Одни игнорировали эти оскорбления в надежде, что когда-нибудь наши хозяева нас полюбят.
Другие не могли забыть этих оскорблений и желали нашим хозяевам смерти.
А третьи – вроде нас со мной, разумеется, – наших хозяев и любили, и в то же время ненавидели.
Любить хозяина, который бьет тебя по почкам, не проблема, если ты испытываешь к нему одну только любовь, но любовь в сочетании с ненавистью становится постыдным секретиком, такая любовь порождает лишь смятение и ненависть к самому себе. Именно поэтому я не ушел с головой в изучение французского – в отличие от английского – и не сказал ни слова по-французски с тех самых пор, как окончил лицей. Французский был языком поработителей и насильников, зато английский был новшеством, возвещавшим приход американцев и конец французским надругательствам над нами.

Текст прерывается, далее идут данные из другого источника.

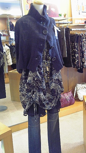 カットソーのボリュームを、薄手でコンパクトなポンチョが、しっかりとラインを引き締めてくれています

Я овладел английским без всяких двойственных чувств, потому что английский никогда не владел нами.
Теперь же, оказавшись в Париже, на родине моего отца, в обществе социалиста ППЦ и доктора Мао, я наконец понял, что белые люди не только видят во мне другого. Они еще и слышат во мне другого, ведь когда я открыл рот и переколотил тонкий фарфор их французского языка, они услышали то, что наверняка услышал и затем украл у какого-нибудь безымянного африканского или восточного путешественника поэт, вундеркинд, торговец рабами и оружием Рембо: я – это другой.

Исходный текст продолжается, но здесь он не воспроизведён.